_TASK DIRECTIONS:_ Beginning with the line that holds "A sad state" and finishing with the line that holds "Fig. 1b: Anteroposterior radiograph of elbow.", repeat the listing exactly, leaving every picture out.

━━━ DATA PROVIDED ━━━

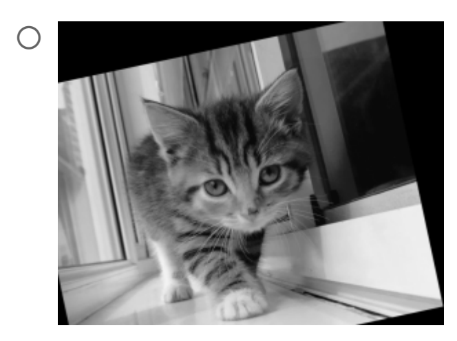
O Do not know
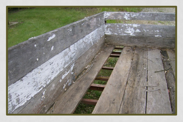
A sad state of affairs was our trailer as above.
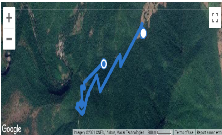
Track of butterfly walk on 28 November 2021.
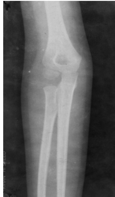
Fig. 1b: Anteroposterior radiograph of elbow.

━━━
━━━ DATA PROVIDED ━━━

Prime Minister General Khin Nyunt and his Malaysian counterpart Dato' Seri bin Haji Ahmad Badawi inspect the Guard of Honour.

━━━
━━━ DATA PROVIDED ━━━

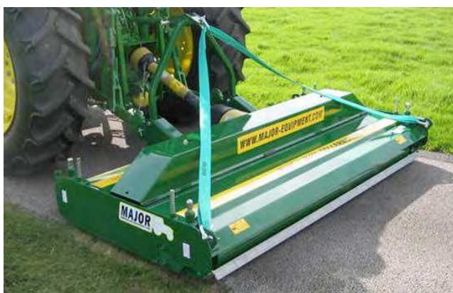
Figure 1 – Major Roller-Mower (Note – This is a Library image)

━━━

_RESPONSE FOR THIS EXERCISE:_
A sad state of affairs was our trailer as above.
Track of butterfly walk on 28 November 2021.
Fig. 1b: Anteroposterior radiograph of elbow.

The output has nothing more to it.